1. What’s moving the stock

MGIC Investment Corp. (MTG) is lower today as investors digest its first-quarter 2026 update, where credit performance softened versus last year. The company’s loss ratio increased to 14.1% and its primary delinquency rate rose to 2.44%, pressuring sentiment even as headline profitability remained solid.

2. Key numbers investors are reacting to

MTG posted Q1 2026 net income of $165.3 million, or $0.76 per diluted share, with total revenues of about $297.1 million. The quarter included net losses incurred of $33.2 million, and management highlighted capital strength with PMIERs excess of $2.9 billion alongside active shareholder returns.

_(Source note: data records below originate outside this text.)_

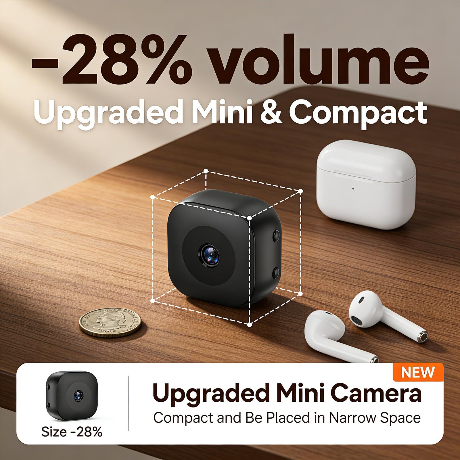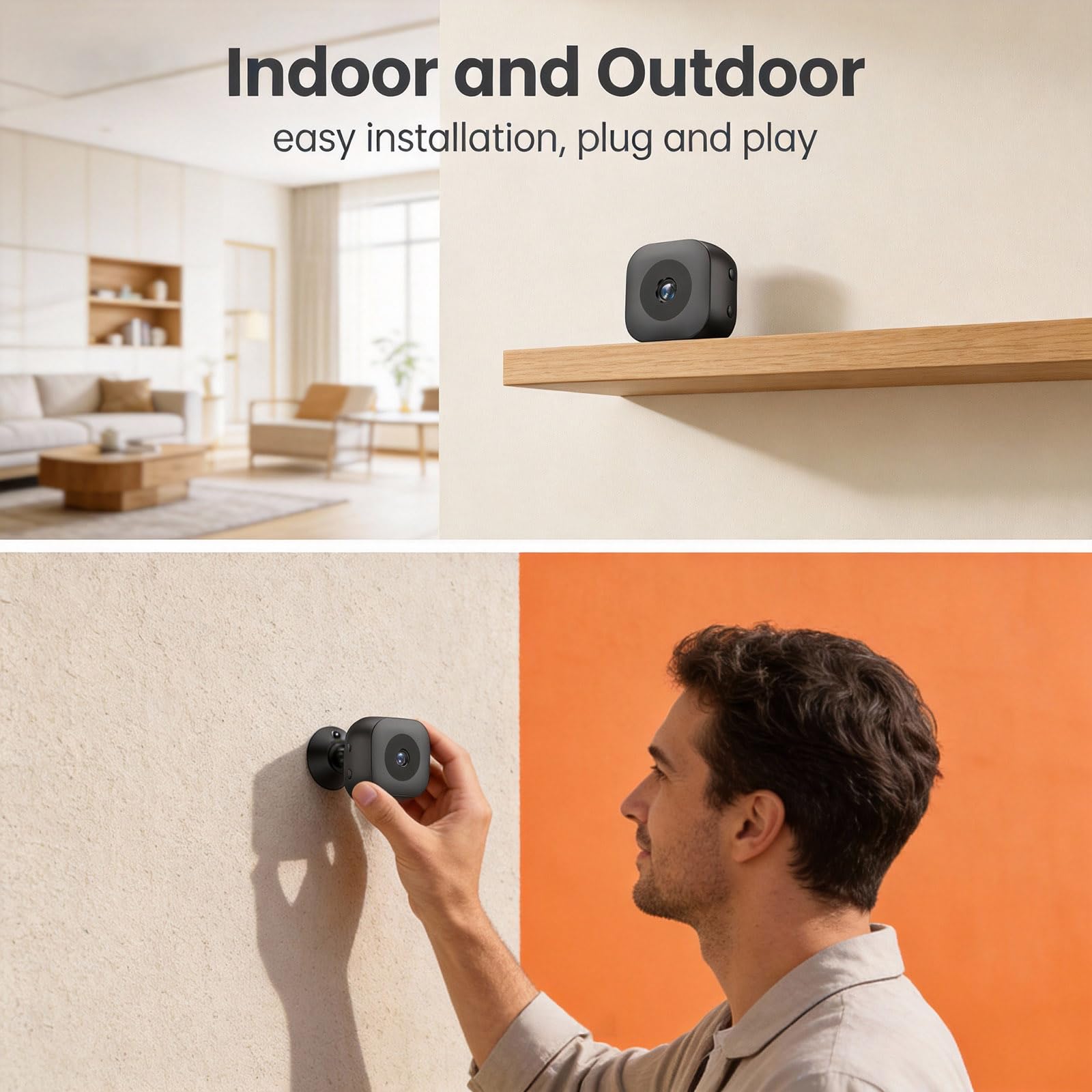 All Angle Adjustability:Crafted to merge naturally with any interior, this mini camera offers exceptional placement flexibility. With the included magnetic snap-on base and 3M adhesive, you can complete a drill-free installation on bookshelves, walls, or ceilings in moments.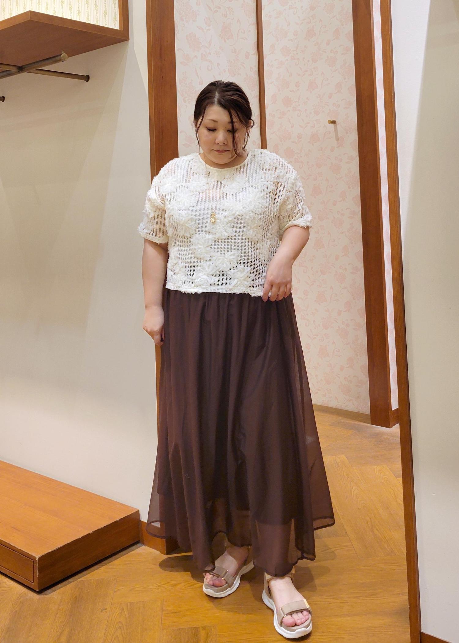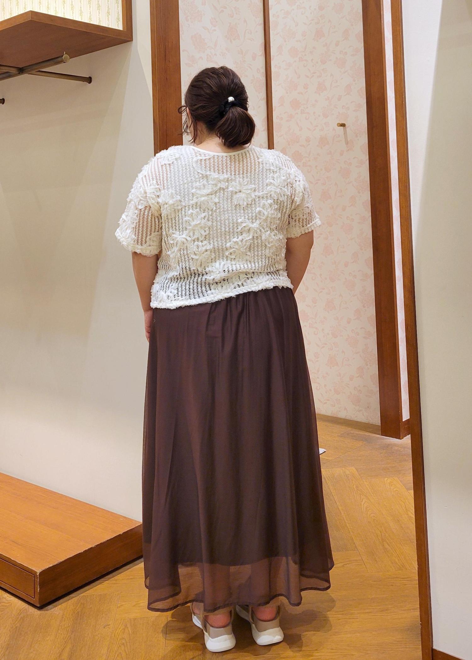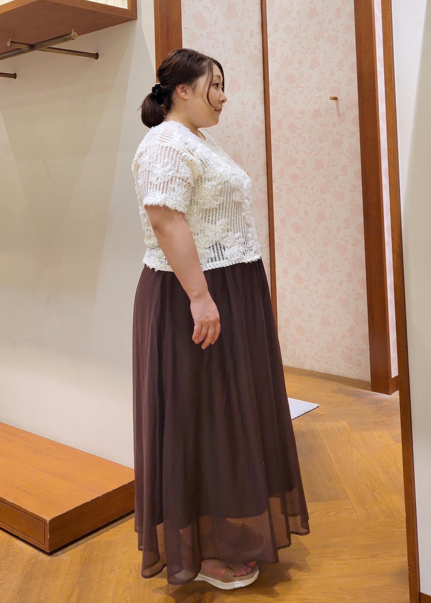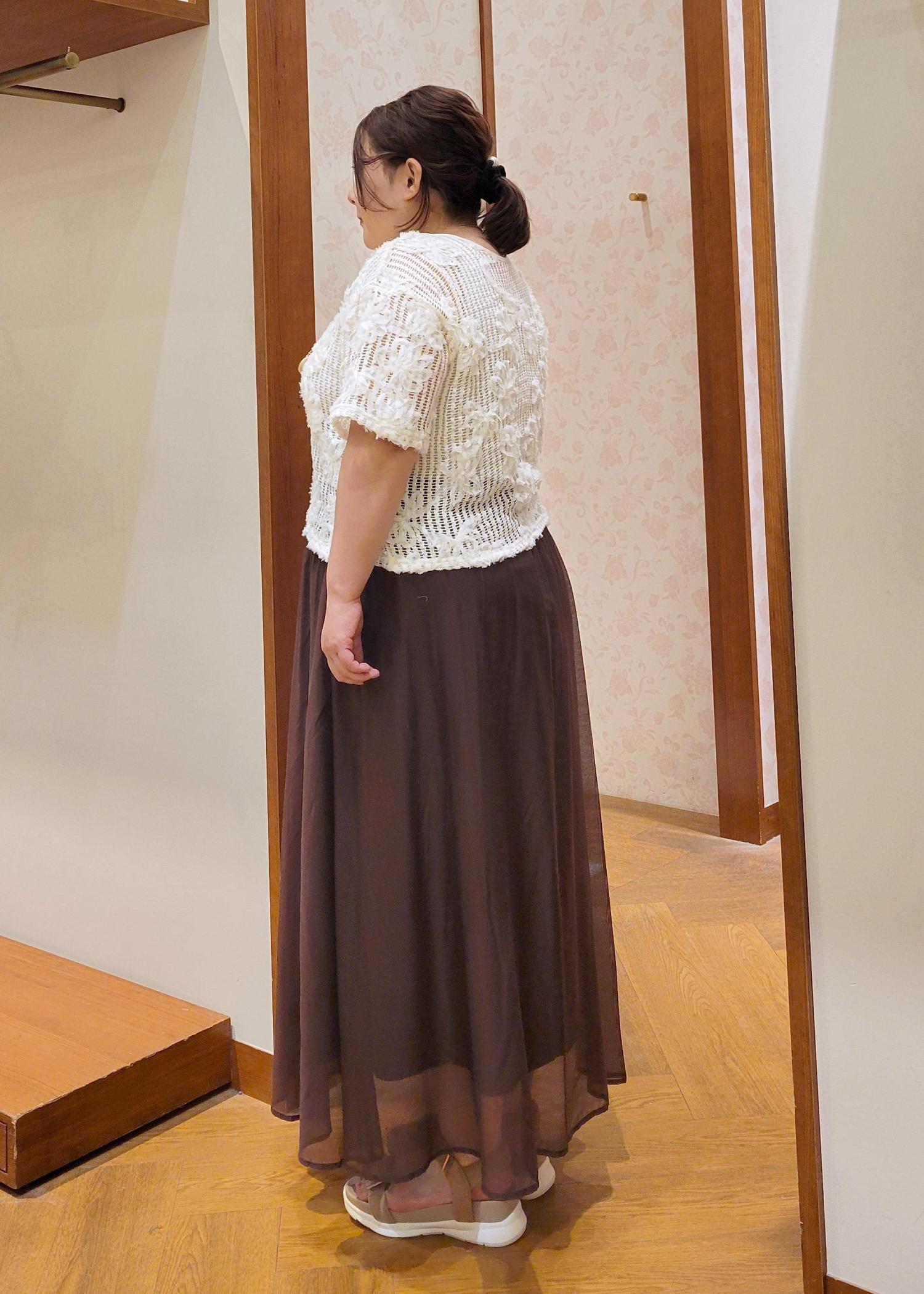 ROPÉ PICNICエアリーシアーギャザーロングスカートダークブラウン / 38¥6,490レビューウエストが総ゴム仕様なので締め付け感もなく楽チンです。着丈も裾がシアーになってるので足首が見えるように透け感があるので軽やかで低身長の方でも安心して履けます。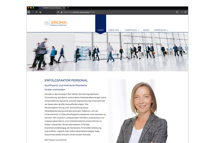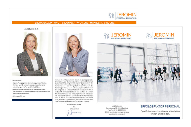 Jeromin Personal wurde Mitte 2018 von mir gegründet. Von Anfang wollte ich mich als Person und meine Leistungen professionell darstellen. Hierbei hat mich Frau Vogel umfassend beraten und mein Corporate Design so entwickelt, dass ich direkt erfolgreich durchstarten konnte.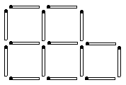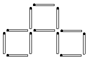 а) В конструкции на рисунке переложите две спички так, чтобы получилось пять равных квадратов. б) Из новой фигуры уберите 3 спички так, чтобы осталось только 3 квадрата.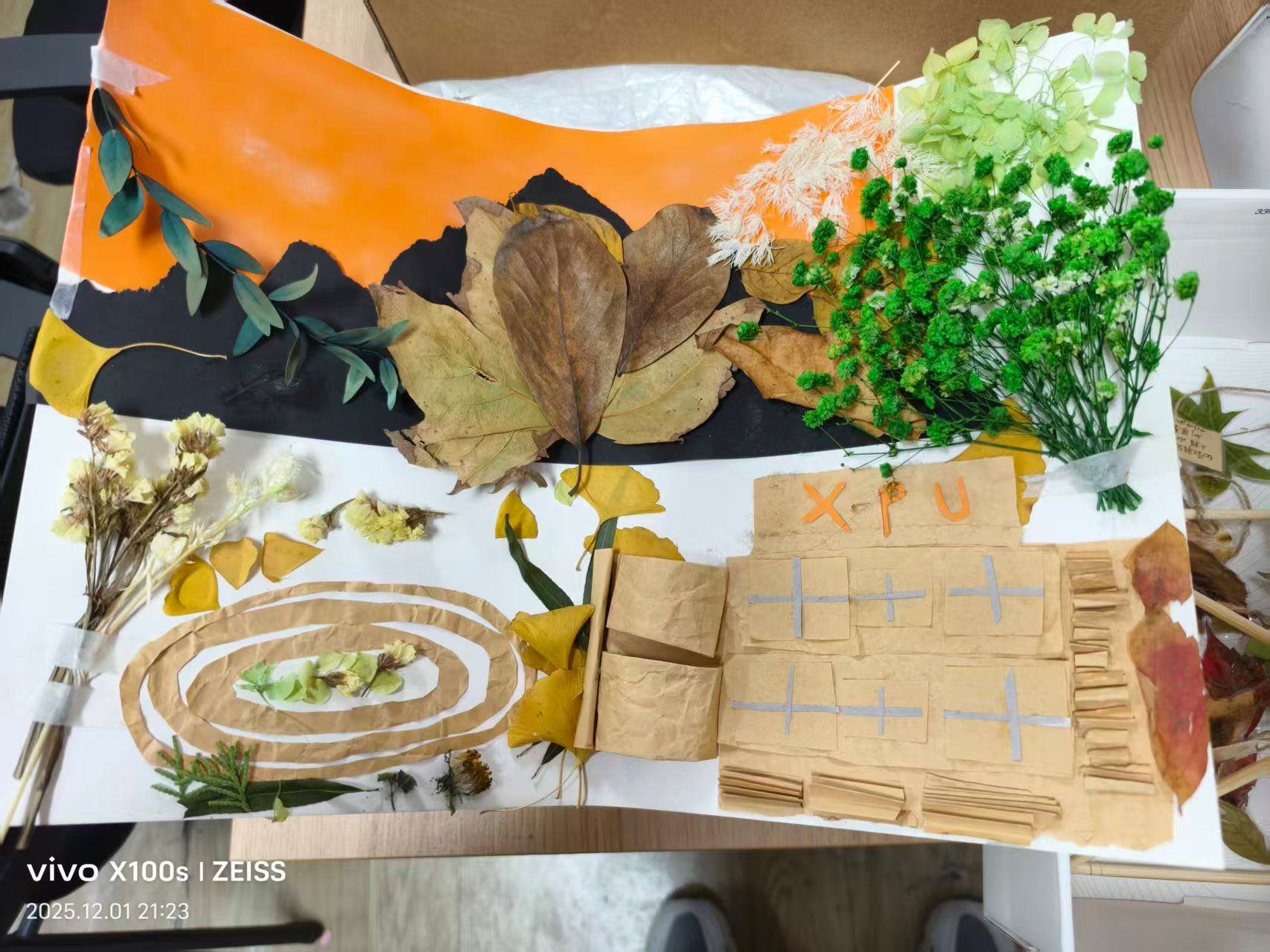 活动共设置手工制作与vlog拍摄两大参与板块。同学们利用校园内收集的落叶,精心制作成书签、拼贴画、装饰画等各类手工作品;同时,也有参与者以vlog形式记录秋日风光、创作过程或个人感悟,生动展现秋日校园的缤纷色彩与温馨时刻。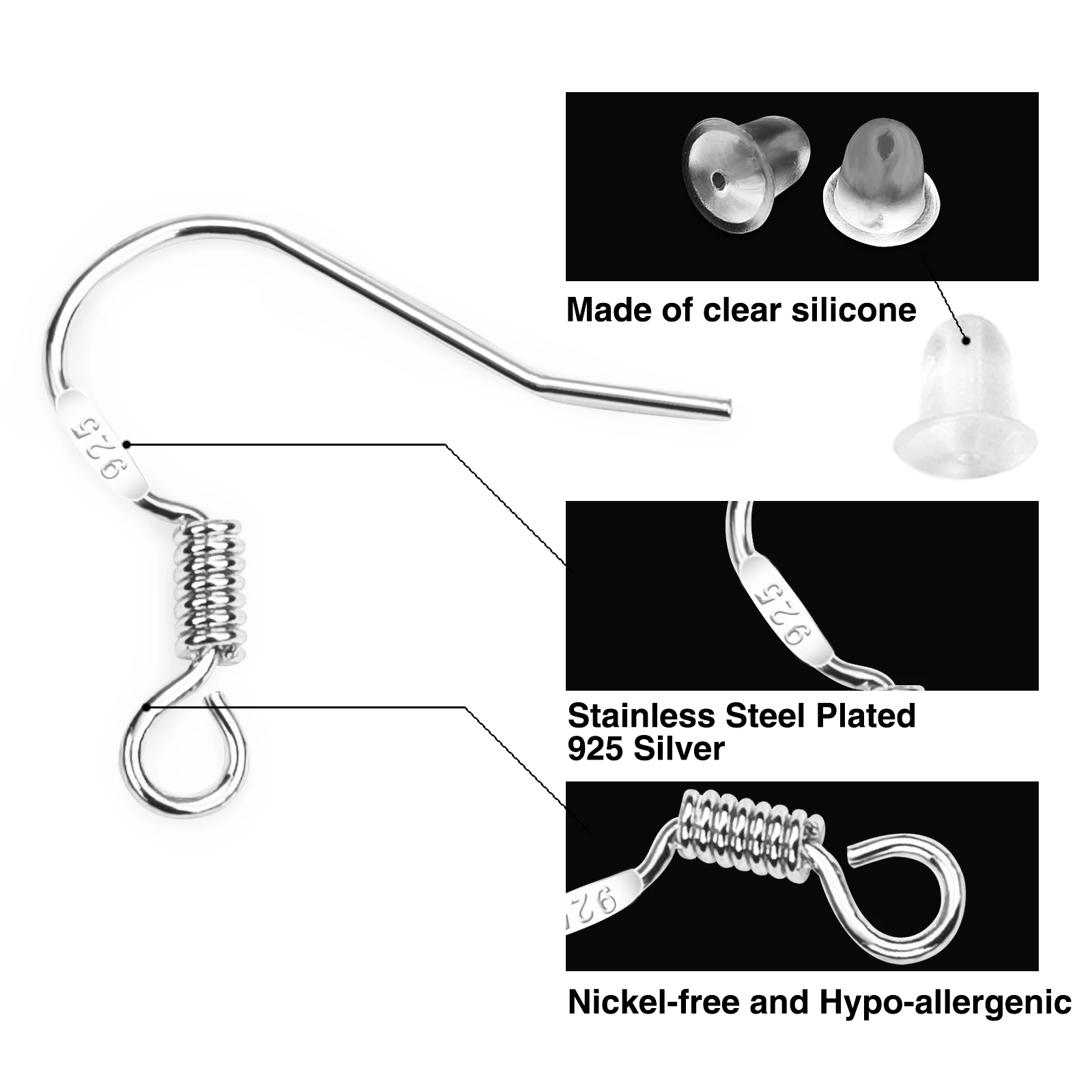 Материал: крючок для сережек-серебро 925 пробы, затычки для ушей-силикон, кольцо для прыжков-нержавеющая сталь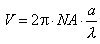 wobei a der Kernradius und λ die Wellenlänge des eingekoppelten Lichtes ist. Für eine Multimode-Stufenindexfaser ist die Zahl der Moden, die angeregt werden können, gleich V2 / 2, sie verhält sich also bei gegebener Wellenlänge wie eine Monomodefaser, wenn V< 2,405 ist.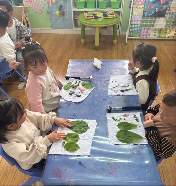 在志愿者的耐心指导下,孩子们手持小锤,小心翼翼地敲打植物,让植物的汁液一点点渗透到布料中,随着敲打的进行,原本洁白的布料上逐渐显现出植物的轮廓与色彩,一幅幅精美的植物拓印作品初具雏形。小朋友们看到自己的劳动成果,脸上洋溢着自豪与喜悦的笑容,他们互相展示自己的作品,兴奋地讨论着每一片叶子和花瓣的细节,志愿者们也鼓励孩子们发挥创意,尝试不同的植物组合,创造出更多独特的图案。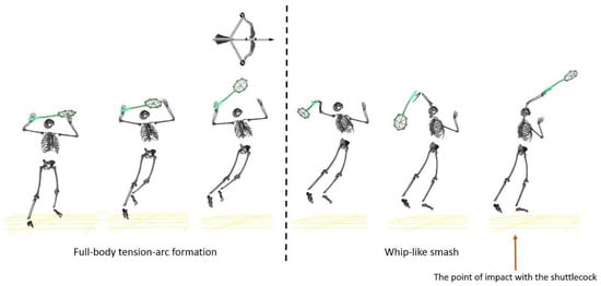 In order to execute a powerful smash, it is essential to apply biomechanical principles during the various phases of the motion sequence [43,44]. However, previous research has shown inconsistency in defining these phases, with some studies recognizing about two phases, namely the backswing and acceleration phases [33,34,45], while others describe four phases, encompassing preparation, backswing, forward swing, and follow-through [6,46]. Furthermore, these definitions tend to predominantly focus on upper body coordination, overlooking the importance of full-body control. It is worth noting that a smash involves comprehensive control of the entire body. When considering the concept of full-body control, akin to other explosive power-generation sports skills like the javelin throw [47,48] and the maximal instep soccer kick [49,50], the smash can be conceptualized as a process involving the formation of a full-body tension arc followed by a whip-like smash, as illustrated in Figure 1. The whip-like smash (proximal to distal control sequence among the upper body segments) has been confirmed by a previous study [5]. During this whip-like smash, the control of the racket, transitioning from an upward to a downward position, should be a passive movement [51,52], occurring naturally due to inertia without requiring active wrist control. Recognizing the passive nature of this control simplifies the process of motor learning, aligning with the principle that reducing the need for simultaneous joint control makes motor learning easier [53,54].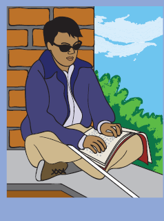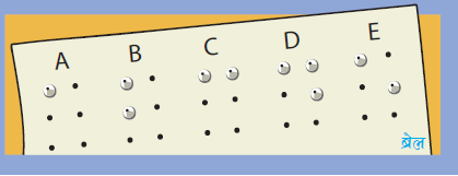 जो लोग देख नहीं सकते उनके पढ़ने का एक खास तरीका है , जिसे ब्रेल कहते हैं। ब्रेल एक मोटे कागज़ पर एक नुकीले औज़ार से बिंदु बना कर लिखा जाता है। ब्रेल कागज़ पर हाथ फेर कर पढ़ा जाता है कि उस पर क्या लिखा है।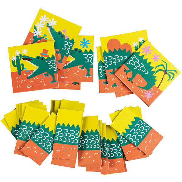 Hver spiller har en krokodille som de mater med dyrebrikker. På sin tur kaster spilleren den illustrerte terningen og prøver å finne en dyrebrikke som matcher kategorien. Med god hukommelse og litt flaks vil krokodillen din vokse seg lengre og lengre! Når dyrebrikkene er slutt, sammenlignes lengden på krokodillene, og den lengste krokodillen vinner!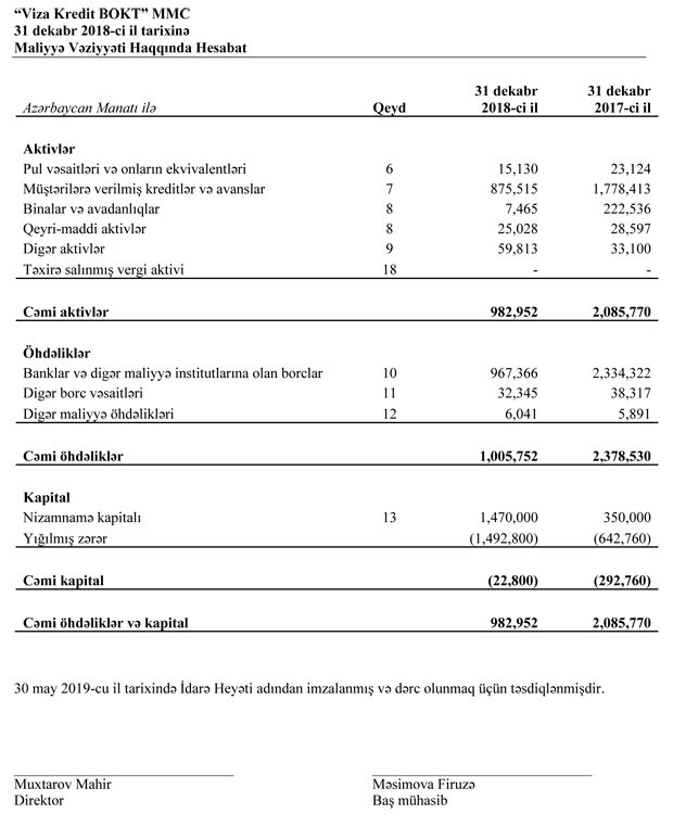 “Viza Kredit BOKT” MMC 2018-ci ili 850 min manat xalis zərər ilə başa vurub. Müqayisə üçün qeyd edək ki, təşkilat 2017-ci ili 640 min manat zərər ilə bağlamışdı. Beləliklə, illik müqayisədə “Viza Kredit”in xalis zərəri 210 min manat və ya 32,8% artıb.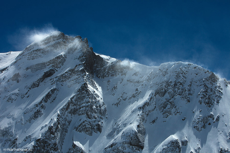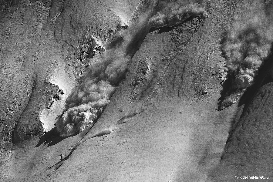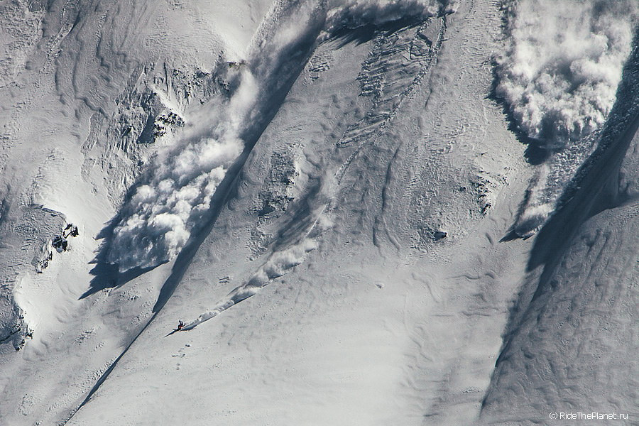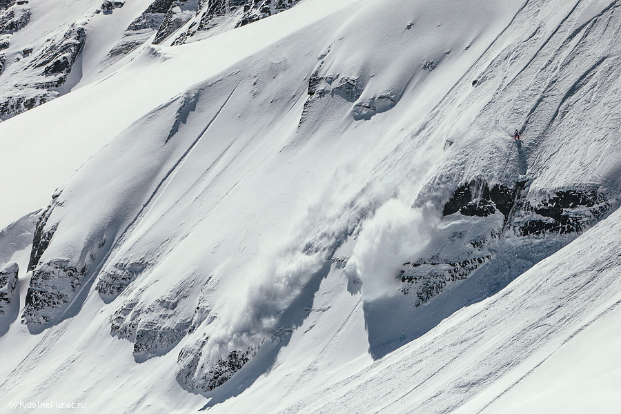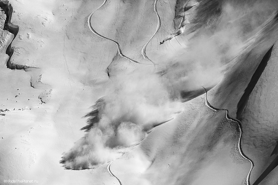 «В первый наш съемочный день, после обильного снегопада, снег оказался нереально пушистый – проваливаешься в лыжах по колено, а без них по пояс! И даже не верилось, что на календаре уже почти середина апреля. После снегопада все в команде довольно сильно нервничали из-за скрытых опасностей и лавинной обстановки при выборе склонов и линий спусков райдеров.»

3. Capital returns and balance-sheet actions

Alongside the earnings release, MTG disclosed continued buybacks and new authorization: it repurchased 7.2 million shares for $192.6 million during Q1 and another 1.7 million shares for $47.4 million through April 24, 2026, and its board authorized an additional $750 million of repurchases through December 31, 2028. The company also paid a $0.15 per-share dividend and noted a $324 million excess-of-loss reinsurance agreement executed via an insurance-linked note.

4. What to watch next

Investors will focus on whether delinquency and loss trends stabilize in coming quarters, especially as the mortgage market remains sensitive to rates and borrower affordability. Any further increase in delinquencies or loss severity could outweigh the support from repurchases and dividends, while steadier credit performance would likely refocus attention on MTG’s capital return pace and insurance-in-force profitability.